Though buffeted by both choice and chance, we are the composers of our life’s symphony.  It is a role we are powerless to relinquish.

The Soul

The entity that most religions call the soul is recognized in universal resonance to be a physical reality; a cluster of those unimaginably tiny strings that uniquely encodes our deepest beliefs, feelings and insights. It is a minute morsel of matter whose size and resonance allows it, on the occasion of the demise of its current body, to migrate among the multiple dimensions demanded by the math of string theory, thereby actualizing immortality.

The Universe

Is the encompassing resonant harmonic entity of which we, as individuals, are and will always remain, a unique, sentient part.

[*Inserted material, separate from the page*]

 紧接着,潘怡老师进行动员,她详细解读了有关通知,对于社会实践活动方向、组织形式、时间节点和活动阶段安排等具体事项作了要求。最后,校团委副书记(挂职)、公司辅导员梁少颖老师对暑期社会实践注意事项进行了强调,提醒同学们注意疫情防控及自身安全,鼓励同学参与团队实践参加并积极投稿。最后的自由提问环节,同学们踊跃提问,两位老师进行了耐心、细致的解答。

The universe expands beyond the multi-verse of our theorizing, and yet is reflected in the infinitesimal perfection of the soul.

Our knowledge of the universe is evolutionary.  We are disabled by the belief that we can imagine the horizon of understanding.  Our belief in complexity blinds us to the insight suggested by simplicity.

Wisdom

We gain wisdom as we explore the three truths.  It is an exploration that is ambiguously poised between the private and the public.

We are unique entities suspended amidst unimaginable billions – unlike any other, yet in evolving concert with all.

Perhaps wisdom is best seen as unfolding harmony, comprised of works accomplished, commentaries on those works and the thoughtful anticipation of works yet to be.